We all know about the dress. We know about the outrageous questions that came from the dress. And possibly we all know about the friendships lost over the indifference in color perception about said dress. 

This single “not-even-nice” dress broke the Internet quicker than Kim K’s rear end, and if you didn’t share the dress on social media, you engaged in some sort of comment thread about it.

But what did this stupid dress teach us young people?

It taught us that we all, collectively as millennials, have our priorities painfully out of order. Why? Because we all engaged with the issue of the dress’s color. We wanted our voice to be heard about what we saw with our eyes, and we wanted to know why other people could not see what we saw.

Some millennials even took to advanced computer software to tell us what the colors were.

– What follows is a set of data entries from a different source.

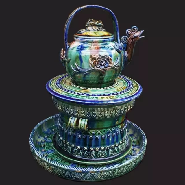 五、烧窖。使用的窑子叫阶梯窑,或爬坡窑、梭坡窑,将半成品堆放在窑子的泥板架上,泥板架共七层,每层可放10件,根据釉和泥土质量,将耐火差一点的首先放进窑子,耐火强的最后放(靠进火口、温度最高),窑子温度在900℃-1100℃。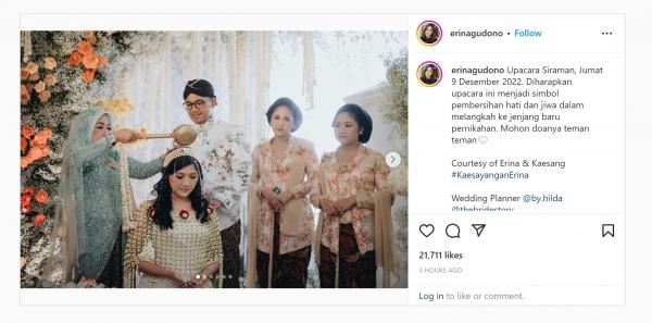 Pada prosesi siraman, Erina mengenakan kain putih polos yang diselimuti ronce melati. Tak ada desainer yang terlibat di prosesi adat Jawa ini. Tim yang berjasa dalam prosesi ini mencakup penata rambut by Noe Hair and Makeup dan penata rias dari Hepi David. Aura Erina benar-benar terpancar di sini.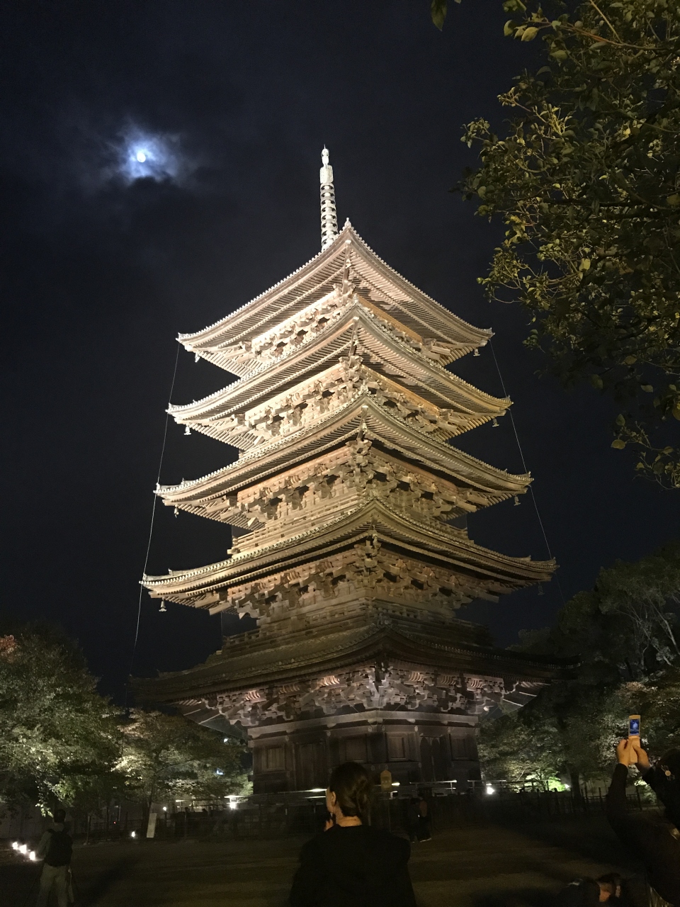 11月初めに訪問。木々が色づき始めた頃で、完全な紅葉を見ることはできませんでしたが、緑から赤のグラデーションの紅葉を楽しむことができました。最も、夜間開館日の訪問なので、ライトアップされた五十の塔や金堂の見学がメインになってしまいました。朧月夜とライトアップされた五十の塔が美しかったです。夜間でも金堂の中を開放していました。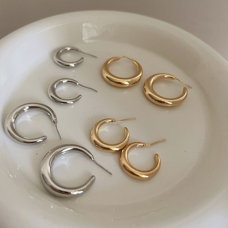 法式复古耳环2023年新款潮高级感欧美小众设计极简椭圆环耳扣耳钉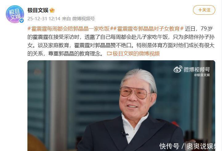 非得等郭晶晶确认好作业已经做完,霍震霆才能和孙辈们一起出去玩。在去年12月31日发布的一段采访里,霍震霆就谈到了郭晶晶在生活中对自己的这些“拿捏”,说是“抱怨”,但他内心对郭晶晶的赞赏却也溢于言表。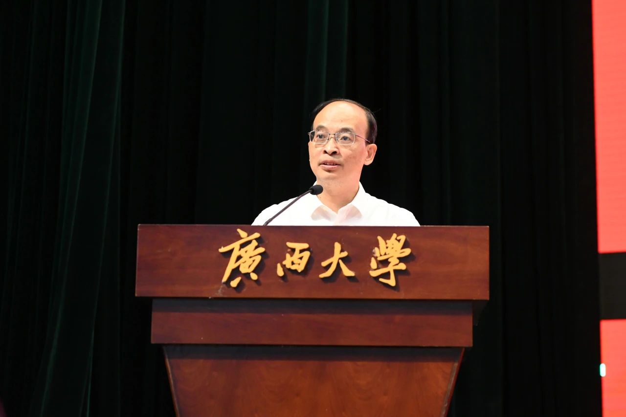 教师代表杨武分享了几点心得,首先他期望同学们要做文理过硬、守正创新的西大电气人,发扬马君武先生“学生拼命学”精神,练就过硬本领,杜绝临时抱佛脚、60分万岁等现象,鼓励同学们投身技术前沿,攻坚“卡脖子”技术。第二,同学们做身心健康、担当奋斗的西大电气人,不要被压力压倒,要多去打球、健身,找人倾诉心声,同时要心怀国之大者,担当复兴中华、发达广西的历史大任。第三,同学们做脚踏实地、心怀天下的西大电气人,不断磨砺青春底色,以青春之朝气战胜前进路上的各种困难与挑战,向世界讲述一个中华儿女共筑中国梦、共建地球村的伟大理想。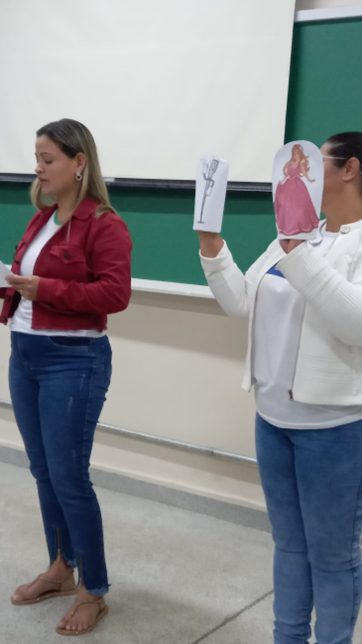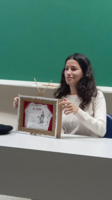 A aluna Franciele apresentou o conto Adão e Eva e as alunas Viviane e Gislene o conto Um apólogo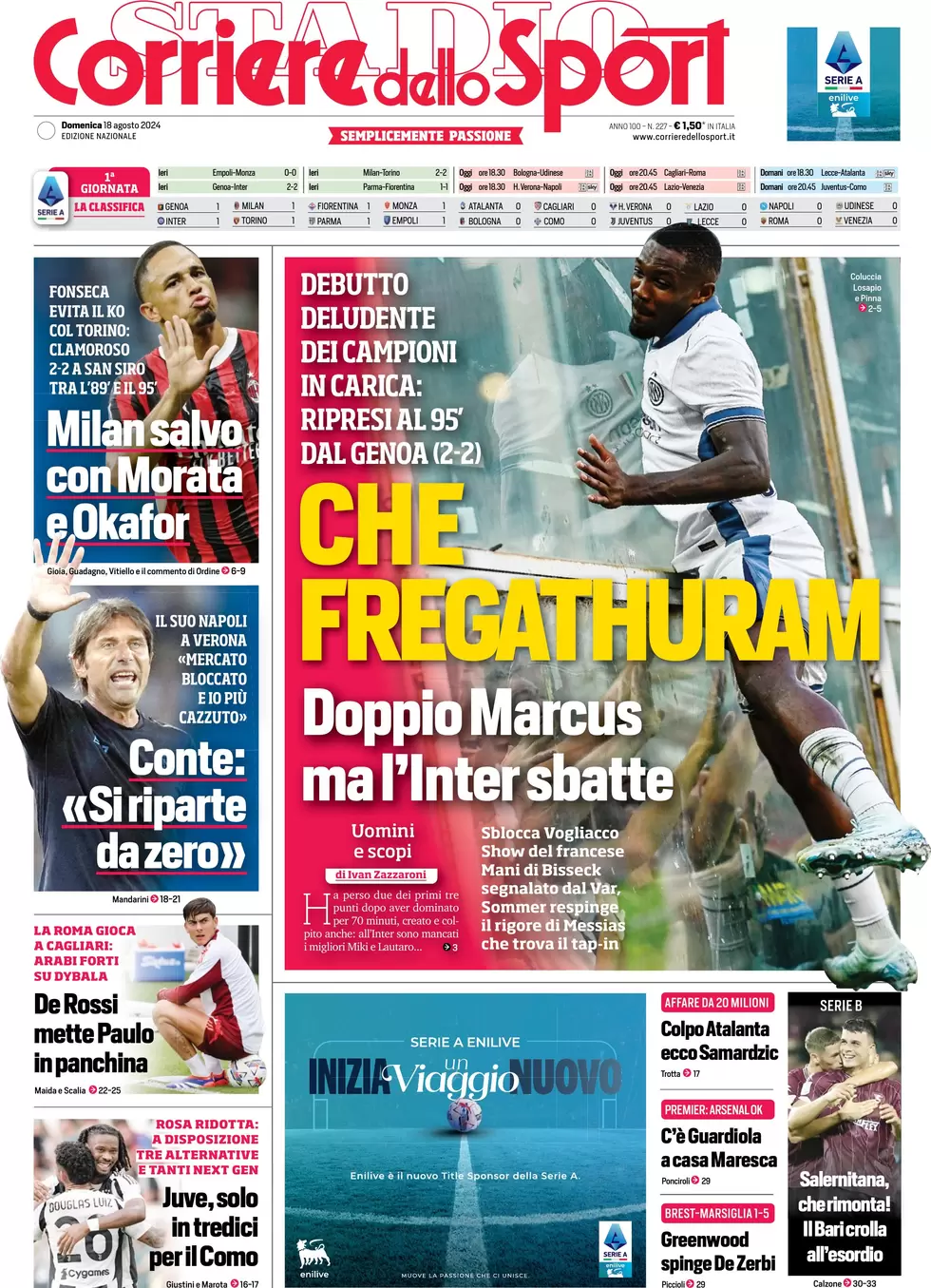 La redazione di calciocatanzaro.it propone ai lettori le prime pagine dei tre quotidiani sportivi in edicola oggi, lunedì 19 agosto 2024

Rather than cite an endless list of issues that we similarly should be engaging in with equal vigor, I’ll leave the message at this: 

WHY ON EARTH ARE WE MILLENNIALS NOT ENGAGING IN THE DAILY POLITICS OF OUR NATION (WHICH WILL EFFECT OUR EVERY DAY LIVES) LIKE WE JUST DID WITH A STUPID DRESS. THE COLOR OF THE DRESS DID NOT JUST DECIDE WHO EATS TODAY, AND IT DID NOT JUST DETERMINE YOUR STATE’S MINIMUM WAGE. IT DID NOT DETERMINE WHAT WOMEN CAN DO WITH THEIR BODIES. IT DID NOT DETERMINE WHERE POOR PEOPLE ARE ALLOWED TO LIVE. IT DID NOT DETERMINE WHO CAN LEGALLY LOVE WHO. IT DID NOT DETERMINE WHO HAS A SAY IN THEIR OWN SCHOOL SYSTEM. 

BUT POLITICS DID AND YOU PROBABLY HAVE NO IDEA WHO EVEN REPRESENTS YOU IN YOUR STATE LEGISLATURE. 

Please, for the love of all that is American, please, start engaging in political conversations. If you don’t, only a select few will, and as we have seen over and over again, they won’t speak for a voice they cannot hear. Political conversations are not and should not be regarded as taboo.